Oil prices could return to the $100 per barrel mark in the second half of 2023 on the back of rising Chinese demand and expected limited additional supply, Afshin Javan, Iran’s OPEC representative, told Reuters on Wednesday.
Iran is exempted from the OPEC+ production cuts and quotas due to the U.S. sanctions on its oil industry and exports.
OPEC and OPEC+ did a fine job when they decided at the end of last year to reduce the collective target output, Javan said.
OPEC+ decided to cut the target by 2 million barrels per day (bpd) from November 2022 to December 2023 or until they decide otherwise. Yet, the actual cut is estimated to have been around 1 million bpd. OPEC and the OPEC+ group, which includes Russia and a dozen other non-OPEC producers, are pumping crude oil at levels well below the collective target OPEC+ set as of November 2022.
“Why OPEC did it was because it was not very optimistic about the demand side,” Iran’s Javan said on the sidelines of an energy forum in India, commenting on the OPEC+ decision from October 2022 to reduce target oil production.
Last week, the OPEC+ panel recommending policy actions, the Joint Ministerial Monitoring Committee (JMMC), decided that the group should keep production targets and quotas unchanged in a widely-expected move considering the uncertainties in both supply and demand.
Now the Chinese reopening will drive up oil demand this year and tighten the market again, Javan said.

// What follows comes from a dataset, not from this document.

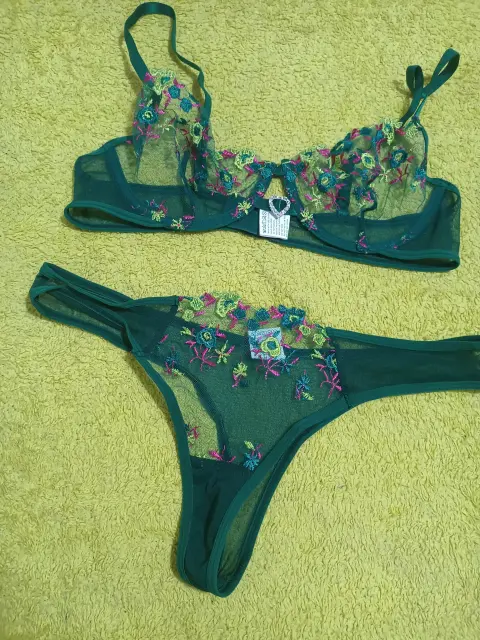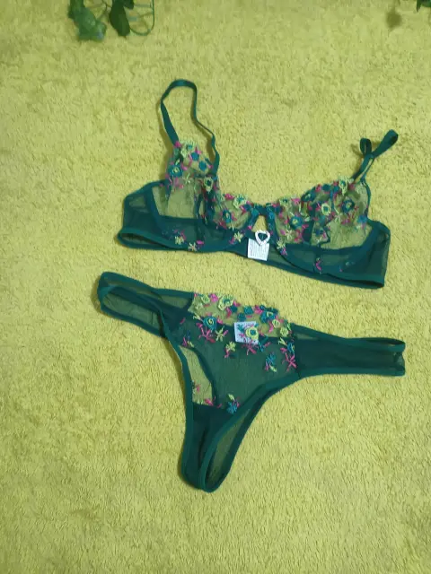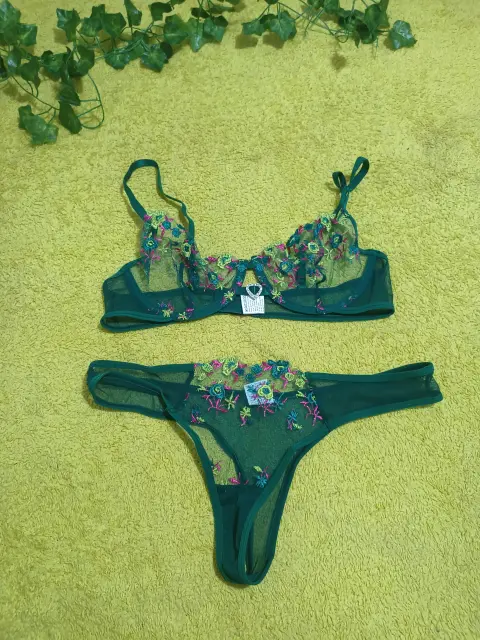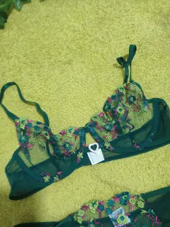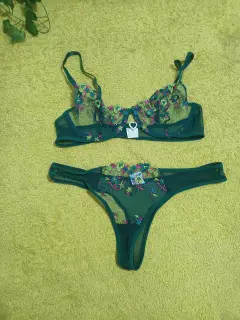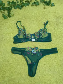 Coordinado verde de maya ☃️. Cordinado de lencería 2 piezas de maya con bordado talla chico Nuevo
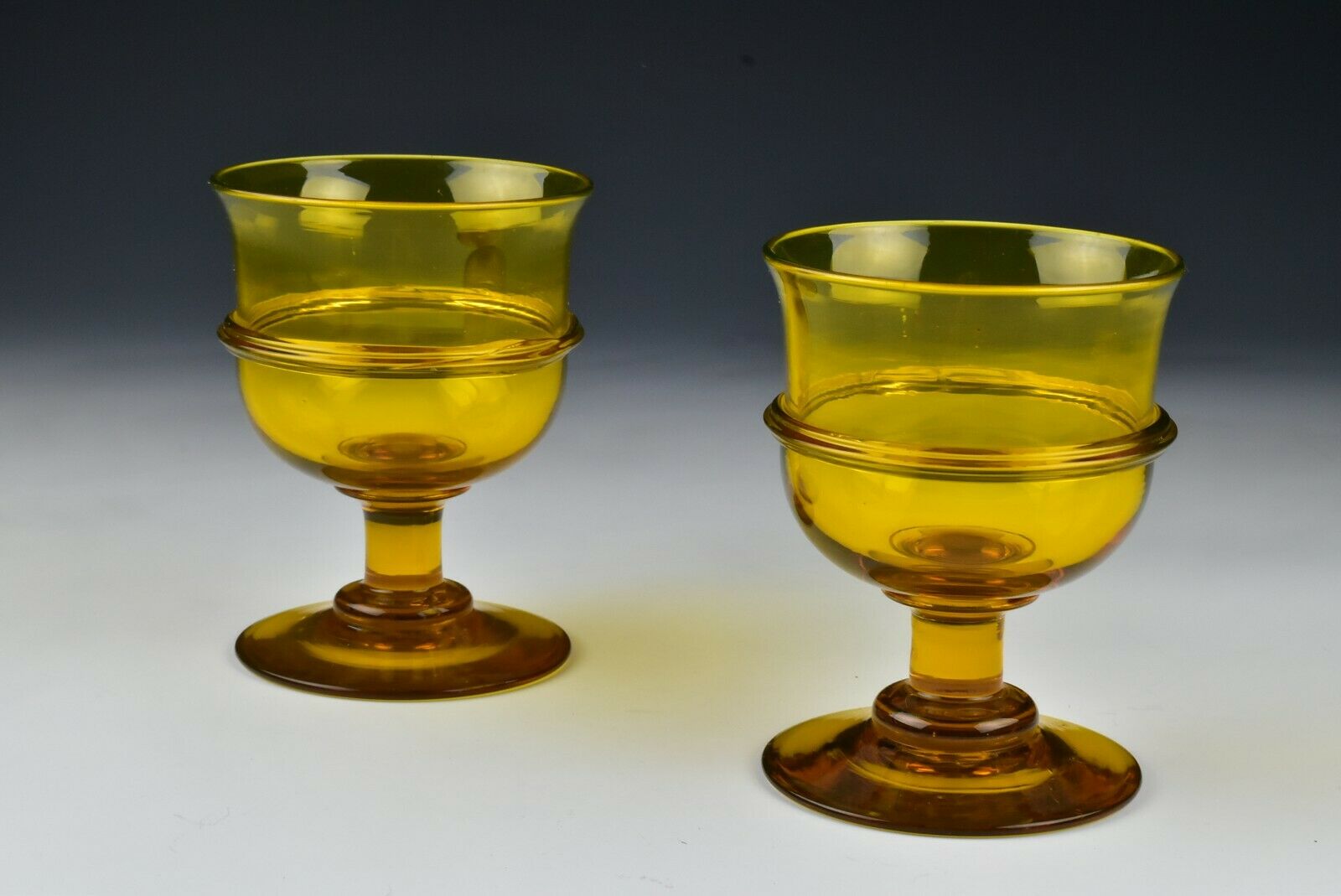 Title (ebay affiliate link): Pair of 19th Century Amber Flint Pittsburgh Glass Goblets w/ Applied Work

In a sign that OPEC’s heavyweights expect a rebound in Chinese demand, Saudi Arabia, the world’s top crude oil exporter, unexpectedly raised earlier this week the official selling price (OSP) of its flagship crude going to Asia in March. The hike was the first in six months, likely reflecting Saudi expectations that demand in Asia will be rising from the second quarter onwards.